╭──

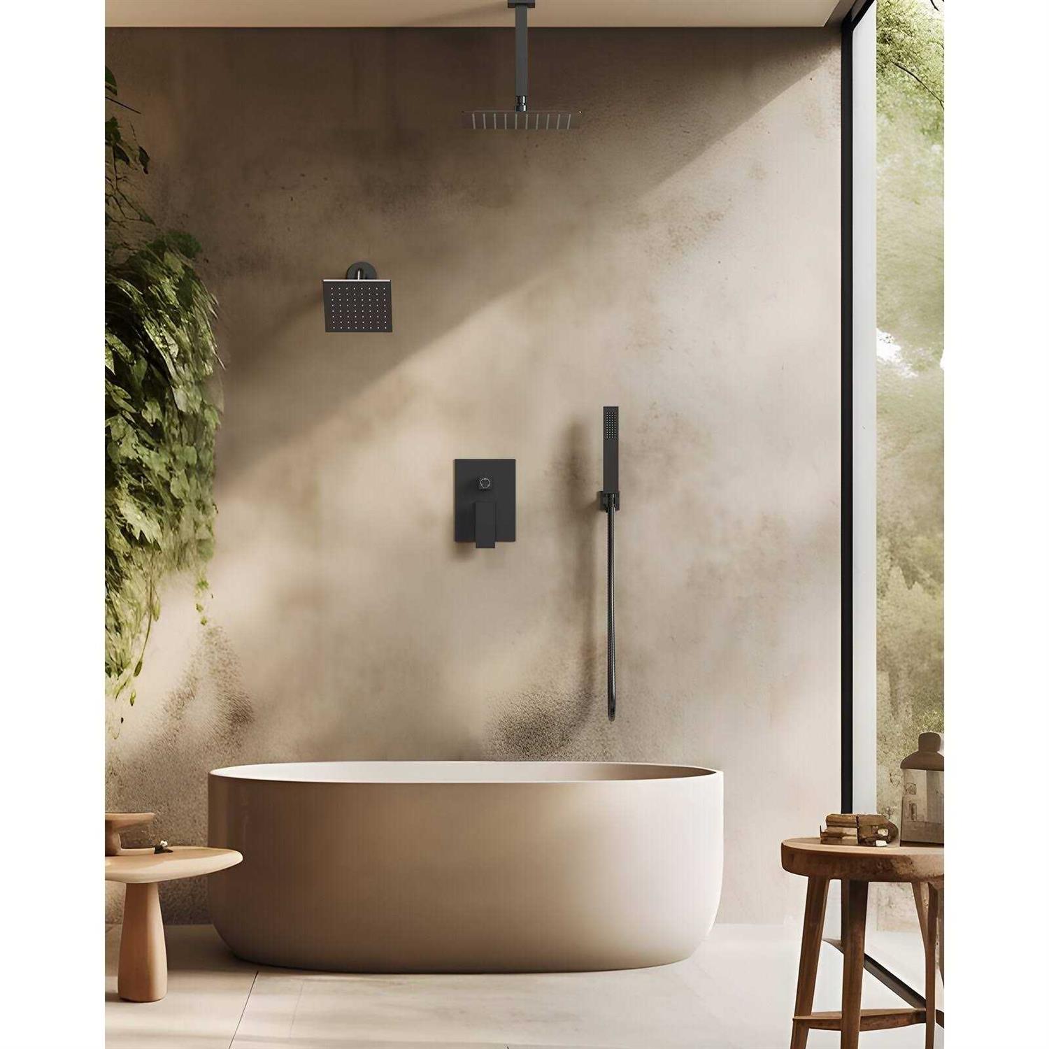 Celebrate unmatched bathing luxury with GRANDJOY Dual Shower Head design. Immerse in the extravagance of 2 rainfall showers (a 10 in. ceiling mount and a 6 in. wall mount), supplemented by a handheld unit for customized comfort. Select from 3 unique spray patterns, each designed to be used independently, promising a personalized shower experience. The built-in pressure balance valve ensures consistent water temperature, offering you peace of mind against sudden changes due to toilet flushes or running appliances. With its sleek design exuding sophistication, upgrade your bathroom now for a rejuvenating spa-like retreat right at home. Color: Matte Black.
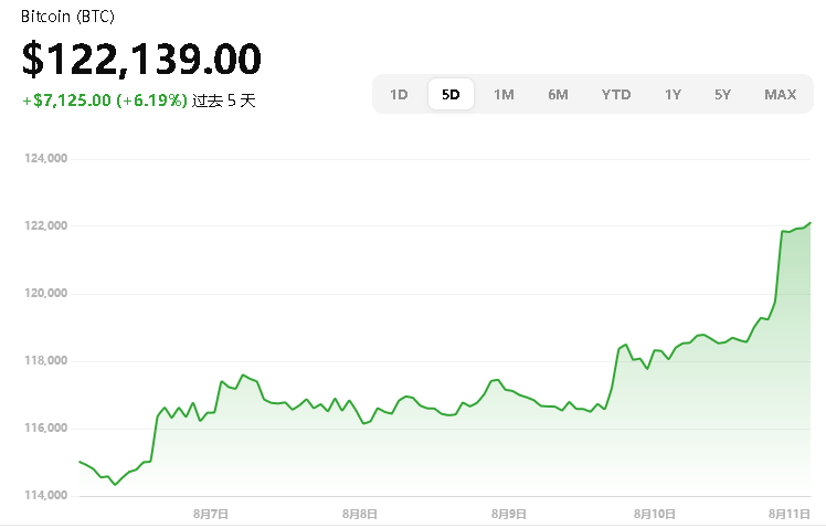 当前价格:约 $122,139,日内上涨约 3.7% 。
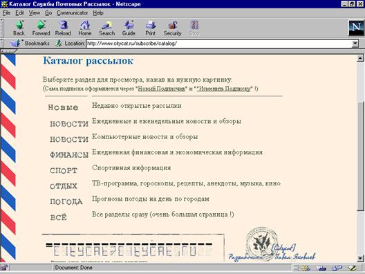 Итак, настройка: Перед нами графический интерфейс (рис. 1) программы Mail Box с открытым письмом. Для того, чтобы настроить программу для работы с вашей почтой, надо: вывести диалоговое окно настроек, в котором на вкладке Mail & Groups (которая предназначена для настройки почты). Меню (Рис. 2) Identity позволяет ввести информацию о пользователе: имя, на которое зарегистрирован почтовый ящик; адрес электронной почты; адрес (Email address) самой электронной почты, на которое приходят сообщения; далее следуют формы заполнение которых необязательно (имя организации и т.д.). Mail Server (Рис. 3) окно, которое в настройке электронной почты является самое главное, где указывается имя пользователя (mail server user name), которое требуется для входа в сервер (login); адрес исходящей почты (outgoing mail (SMTP) server), т.е. имя сервера, через который почта отсылается получателю; адрес входящей почты, т.е. имя сервера, через который почта приходит пользователю. Всё, почта настроена, теперь для того, чтобы доставить почту с сервера, надо нажимать на пиктограмму New Massages (при входе на сервер электронной почты надо ввести пароль, в некоторых почтовых программах пароль вводится в настройки почтовой программы, но в нашей почтовой программе это не используется в целях безопасности). Списки рассылки. Телеконференции. 1. Система списков почтовой рассылки. Как мы уже говорили в сети Internet существует множество сервисов (бесплатных и платных), которые предоставляются пользователю, но самый распространённый из них пожалуй является почтовые рассылки. Пользователь сам для себя выбирает: О чём бы он хотел каждый день узнавать всё новую и новую информацию. 2. Подписка на почтовую рассылку. Для того чтобы каждый день пользователю на электронный почтовый ящик приходили самые свежие новости, надо подписаться или зарегистрироваться на сервере почтовых рассылок (www.citycat.ru и т.д.), в процессе регистрации пользователь заполняет анкету в которой вводит информацию о себе, а также заполняет поля связанные с темами подписки, т.е. выбирает самые важные для себя темы. Например, список почтовой рассылки может выглядеть так (Рис. 4): 3.
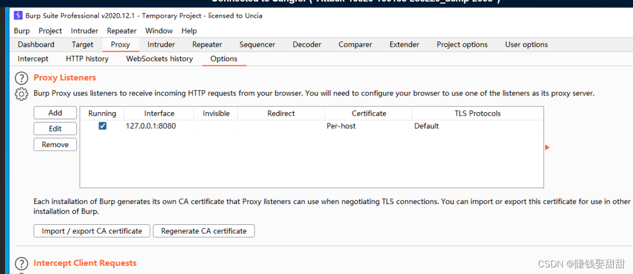 4、启动Burp Suite抓包工具,设置参数和代理
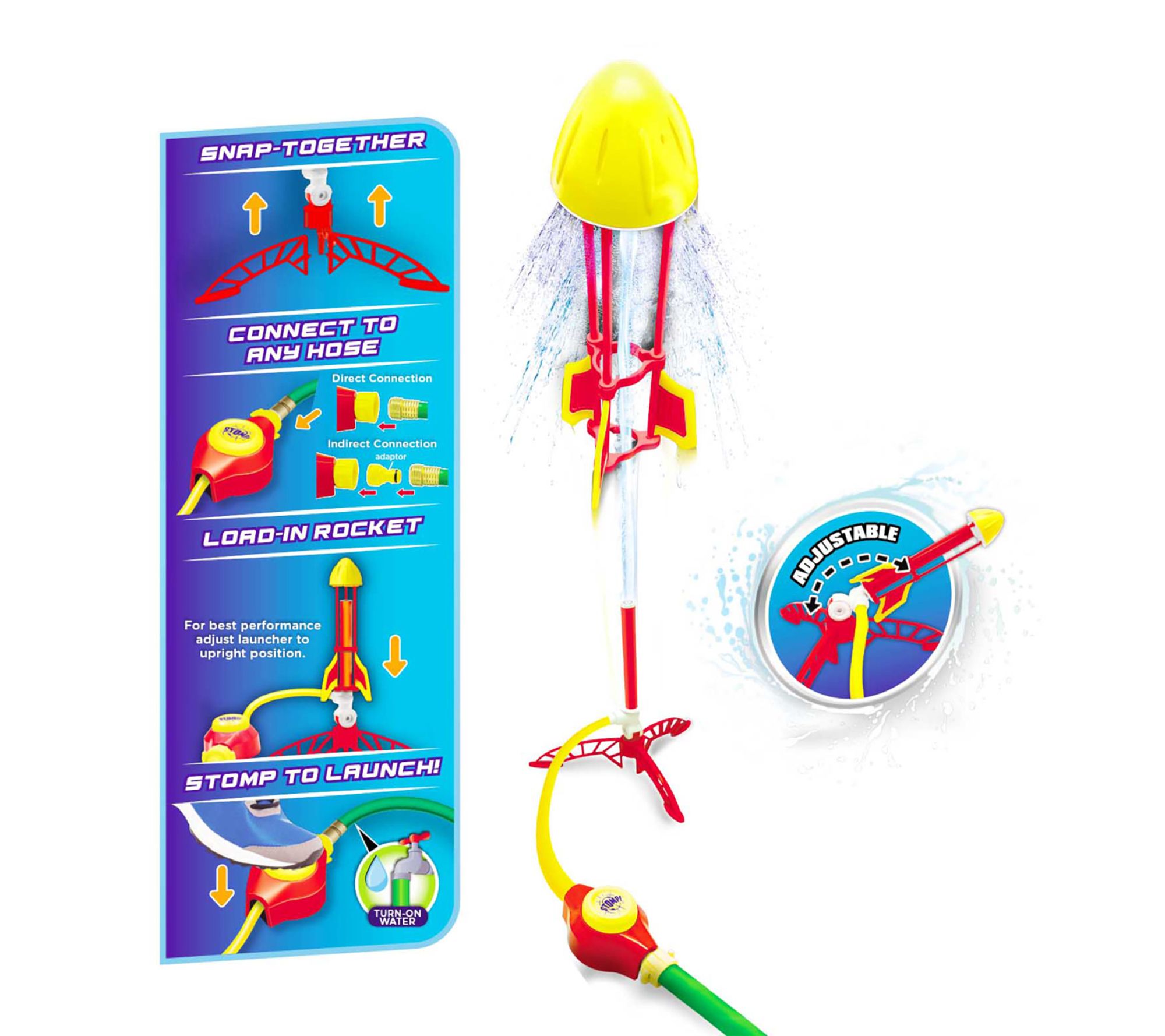 • Includes one high-performance rocket, adjustable launcher, and stomp pad

╰──

Only the listing above, set down exactly and without pictures, belongs in the answer.

Solution to this exercise:
 Celebrate unmatched bathing luxury with GRANDJOY Dual Shower Head design. Immerse in the extravagance of 2 rainfall showers (a 10 in. ceiling mount and a 6 in. wall mount), supplemented by a handheld unit for customized comfort. Select from 3 unique spray patterns, each designed to be used independently, promising a personalized shower experience. The built-in pressure balance valve ensures consistent water temperature, offering you peace of mind against sudden changes due to toilet flushes or running appliances. With its sleek design exuding sophistication, upgrade your bathroom now for a rejuvenating spa-like retreat right at home. Color: Matte Black.
 当前价格:约 $122,139,日内上涨约 3.7% 。
 Итак, настройка: Перед нами графический интерфейс (рис. 1) программы Mail Box с открытым письмом. Для того, чтобы настроить программу для работы с вашей почтой, надо: вывести диалоговое окно настроек, в котором на вкладке Mail & Groups (которая предназначена для настройки почты). Меню (Рис. 2) Identity позволяет ввести информацию о пользователе: имя, на которое зарегистрирован почтовый ящик; адрес электронной почты; адрес (Email address) самой электронной почты, на которое приходят сообщения; далее следуют формы заполнение которых необязательно (имя организации и т.д.). Mail Server (Рис. 3) окно, которое в настройке электронной почты является самое главное, где указывается имя пользователя (mail server user name), которое требуется для входа в сервер (login); адрес исходящей почты (outgoing mail (SMTP) server), т.е. имя сервера, через который почта отсылается получателю; адрес входящей почты, т.е. имя сервера, через который почта приходит пользователю. Всё, почта настроена, теперь для того, чтобы доставить почту с сервера, надо нажимать на пиктограмму New Massages (при входе на сервер электронной почты надо ввести пароль, в некоторых почтовых программах пароль вводится в настройки почтовой программы, но в нашей почтовой программе это не используется в целях безопасности). Списки рассылки. Телеконференции. 1. Система списков почтовой рассылки. Как мы уже говорили в сети Internet существует множество сервисов (бесплатных и платных), которые предоставляются пользователю, но самый распространённый из них пожалуй является почтовые рассылки. Пользователь сам для себя выбирает: О чём бы он хотел каждый день узнавать всё новую и новую информацию. 2. Подписка на почтовую рассылку. Для того чтобы каждый день пользователю на электронный почтовый ящик приходили самые свежие новости, надо подписаться или зарегистрироваться на сервере почтовых рассылок (www.citycat.ru и т.д.), в процессе регистрации пользователь заполняет анкету в которой вводит информацию о себе, а также заполняет поля связанные с темами подписки, т.е. выбирает самые важные для себя темы. Например, список почтовой рассылки может выглядеть так (Рис. 4): 3.
 4、启动Burp Suite抓包工具,设置参数和代理
 • Includes one high-performance rocket, adjustable launcher, and stomp pad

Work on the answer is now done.